On politics, professional ethics, and premature death on our roads
Today's guest post is an open letter by Dr Bridget Doran, a transportation engineer, researcher, and human factors psychologist, on the question of politics and professional ethics in the context of the new Speed Rule.
It's a timely read for our local audience. Auckland Transport is set to undo safe speeds on over 1500 streets across the city. AT believes that under the Speed Rule, it has no option but to do so, wherever a school was mentioned as one of any number of reasons for speed reductions. Tomorrow is the deadline for notifying to NZTA the streets where speeds will rise.
The scale of the impacts already makes AT the odd man out amongst urban road-controlling authorities, and it's looking like even more of an outlier given other cities like Hamilton and Dunedin have found a way to keep safe speeds in neighbourhoods, even when schools were mentioned during consultation with communities. (This more rational approach, as we've previously covered, appears to have Ministerial favour.)
Yesterday, advocates reminded the AT Board that it has options, and urged AT to review its approach to the rule and work with the Minister, on behalf of communities that strongly wish to keep their safe speeds. As a result, the chair of the board, Richard Leggat, undertook to write to Minister Chris Bishop seeking clarification of what's possible.

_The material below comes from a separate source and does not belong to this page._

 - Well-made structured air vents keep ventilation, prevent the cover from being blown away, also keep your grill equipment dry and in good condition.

However, AT's CEO Dean Kimpton did not seem prepared to reconsider AT's approach, nor keen to review the list of streets slated for higher speeds – even though he has publicly stated that AT opposes these speed reversals. This raises the spectre of international ridicule. If AT misses this opportunity to defend safe speeds, will it have to return the global road safety prize it was recently awarded for the very programme it is about to dismantle?

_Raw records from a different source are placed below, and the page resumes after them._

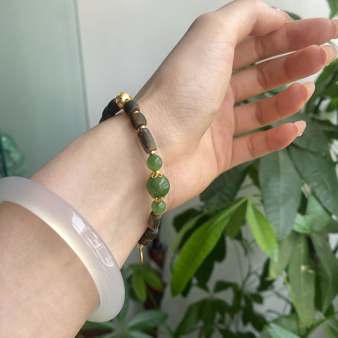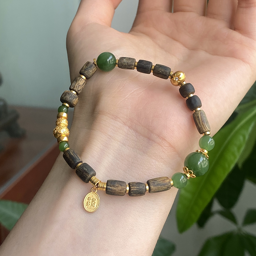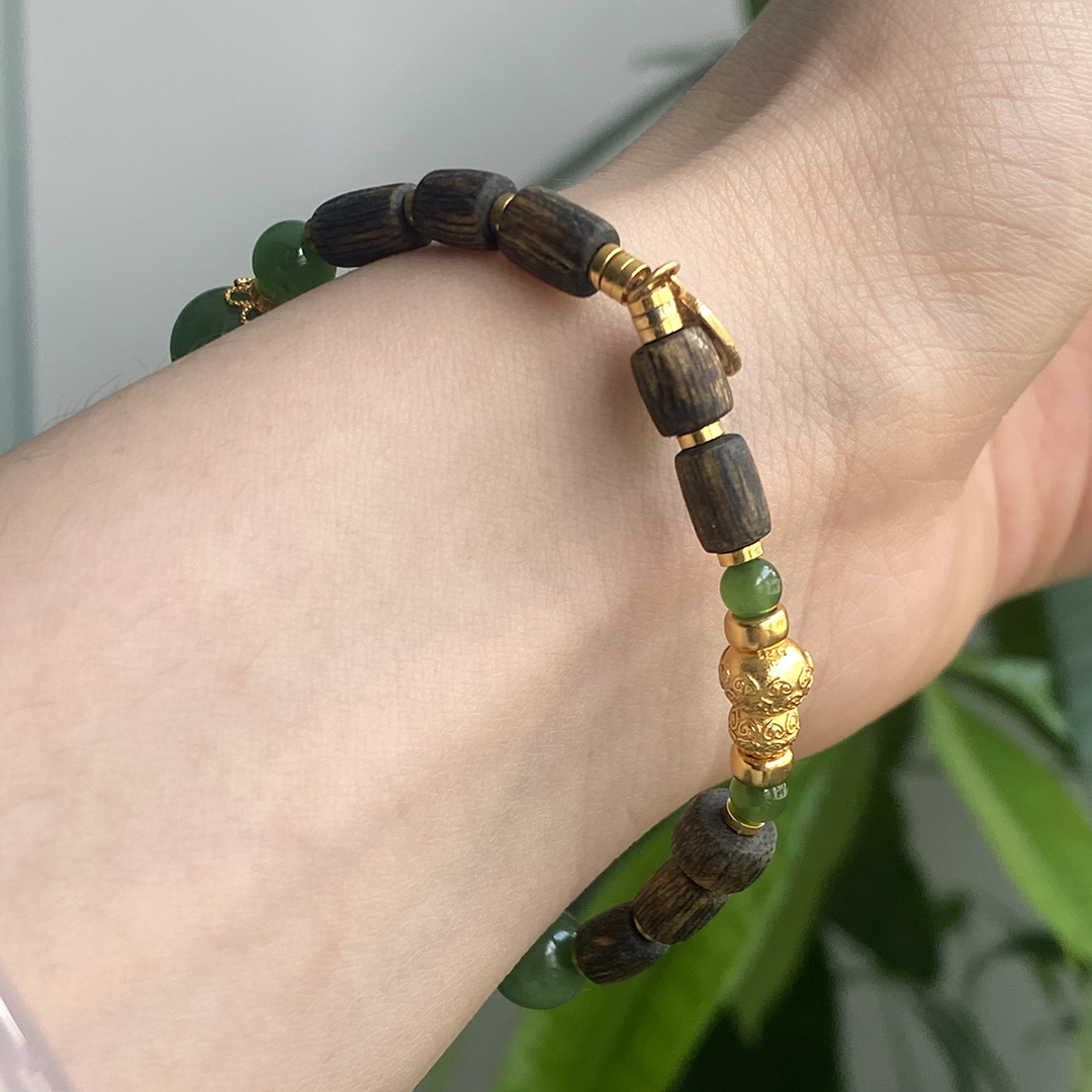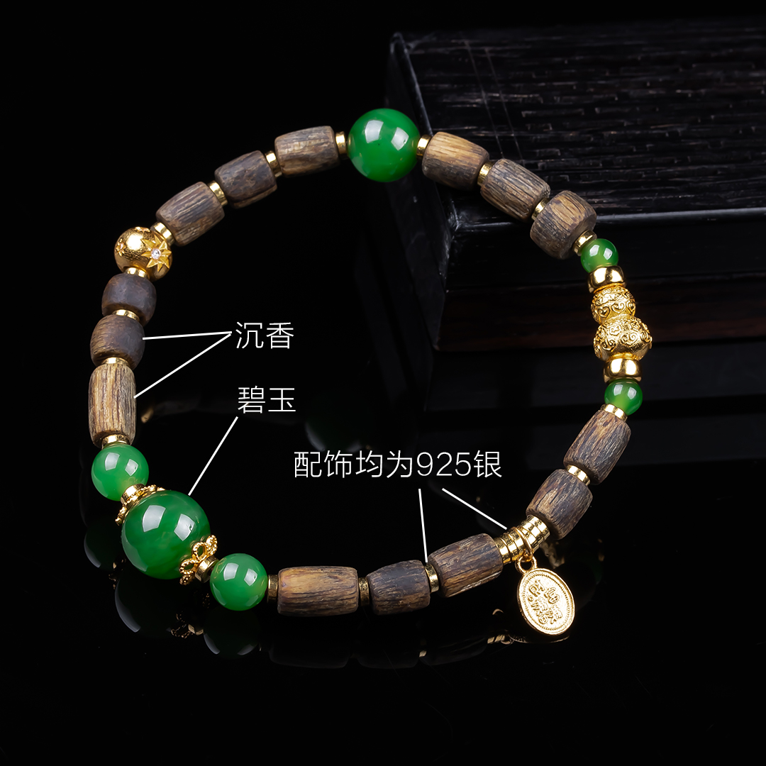 xy0354沉香+碧玉平安多财福禄相伴手串.银,天然沉香桶珠约5*6mm,原色原味,香味自然清甜,古色古香、温文尔雅的国风款式,一枚葫芦、一枚平安多财小提溜,上手非常好看。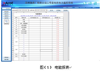 用電量報表功能,可選擇時間段進行查詢,支持任意時間段電度累計查詢,具備數據導出和報表打印等功能。為值班人員提供了精確可靠的電能報表。該報表各回路名稱和數據庫關聯,方便用戶修改回路名稱。見圖( 5)。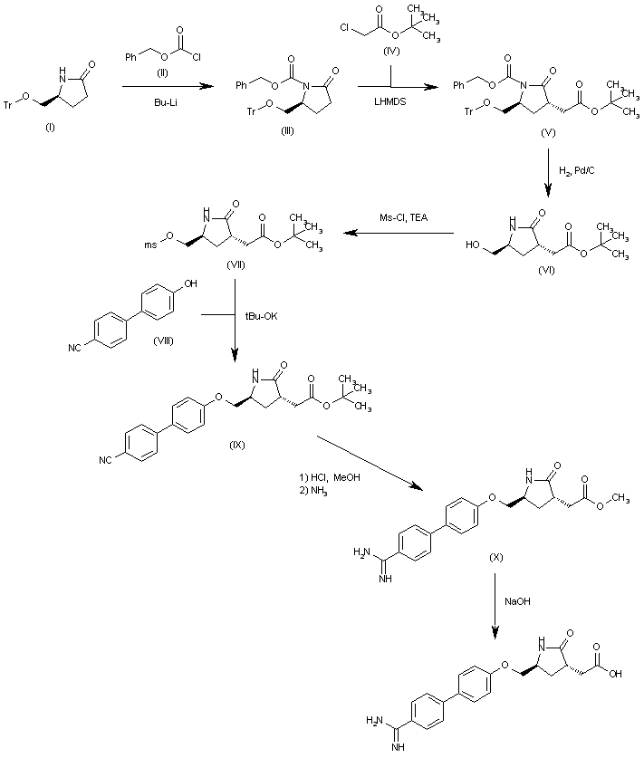 The condensation of 5(S)-(trityloxymethyl)-2-pyrrolidinone (I) with benzyl chloroformate (II) and BuLi in THF gives the carbamate (III), which is alkylated with tert-butyl 2-chloroacetate (IV) and LHMDS in THF to yield 2-[1-(benzyloxycarbonyl)-2-oxo-5(S)-(trityloxymethyl)pyrrolidin-2(S)-yl]acetic acid tert-butyl ester (V). The hydrogenation of (V) with H2 over Pd/C in hot tert-butanol affords 2-[5(S)-(hydroxymethyl)-2-oxopyrrolidin-2(S)-yl]acetic acid tert-butyl ester (VI), which is treated with MsCl and TEA in dichloromethane to provide the methanesulfonate (VII). The condensation of (VII) with 4'-hydroxybiphenyl-4-carbonitrile (VIII) by means of potassium tert-butoxide in DMF gives the adduct (IX), which by treatment with HCl in methanol and with ammonia in the same solvent yields 2-[5(S)-(4'-amidinobiphenyl-4-yloxymethyl)-2-oxopyrrolidin-3(S)-yl]acetic acid methyl ester (X). Finally, this compound is hydrolyzed with NaOH in methanol to afford the target acetic acid derivative.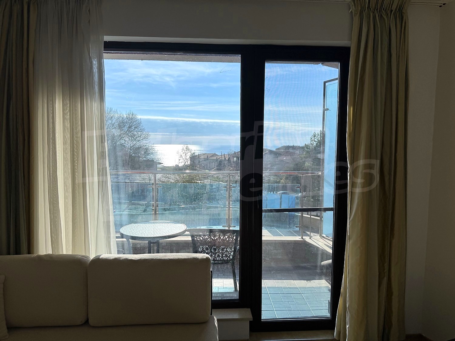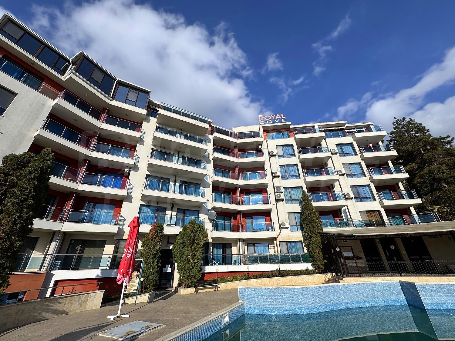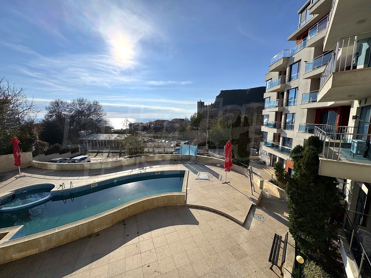 We offer you this 1-bedroom apartment with a total area of 76 m2 which is situated in a gated development. It was constructed in 2006. The property has air-conditioners. A standard air-conditioner - also available. External insulation, interior doors, laminate flooring, painted walls, suspended ceiling, tiled flooring and upvc window frames are available in the property. The property is connected to electricity and water. Some of the other available facilities that you will certainly consider important include: a bathroom with toilet, an open-air parking lot, a lift, a sauna and a swimming pool. From the inside you will be able to enjoy wonderful sea views, swimming pool views and views to inner garden.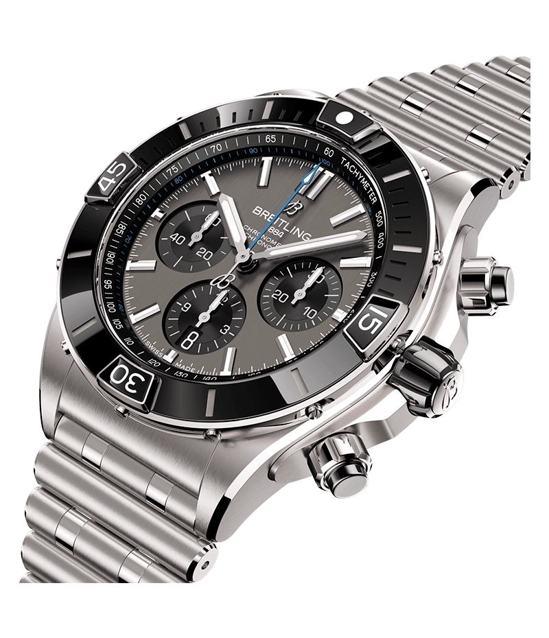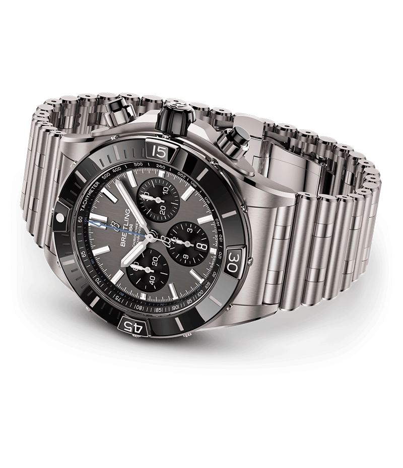 あらゆる活動に適したブライトリングの万能ウォッチ。 「スーパー クロノマット」は、1980年代にブライトリングがイタリア空軍の曲技飛行隊名手のために製作したオリジナルのクロノマットにインスパイアされています。
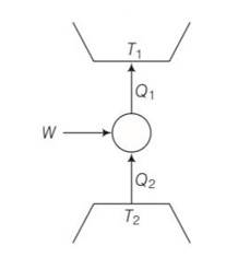 Heat is transferred to the gas in the small container by big reservoir at temperature T2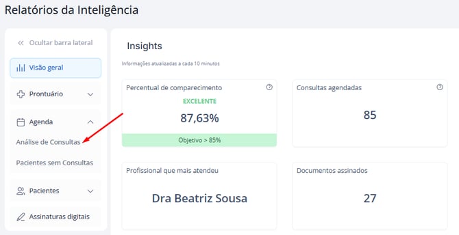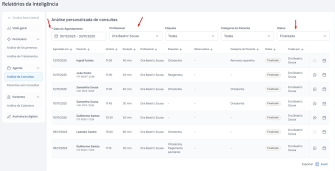 O Relatório de Análise de Consultas oferece filtros que permitem personalizar a análise de acordo com o objetivo da clínica.

Meanwhile, the same dangerous predicament is playing out across the country, to the great dismay of schools, communities, local councils and elected representatives including Government MPs. This legislation is an ethical fork in the road for every road-controlling authority and for the Minister in charge, who will have to carry the consequences. And, as Bridget writes below, the harm it causes extends to every professional involved.
Of course, this could all be resolved – and lives saved – by commonsense amendments to the Speed Rule. Watch this space.

Open Letter: To the media, the Transportation Group of Engineering NZ, and Engineering NZ
This is not a formal complaint or note, rather a discussion of an emerging dangerous precedent where politics and professional integrity are clashing, with public lives at stake.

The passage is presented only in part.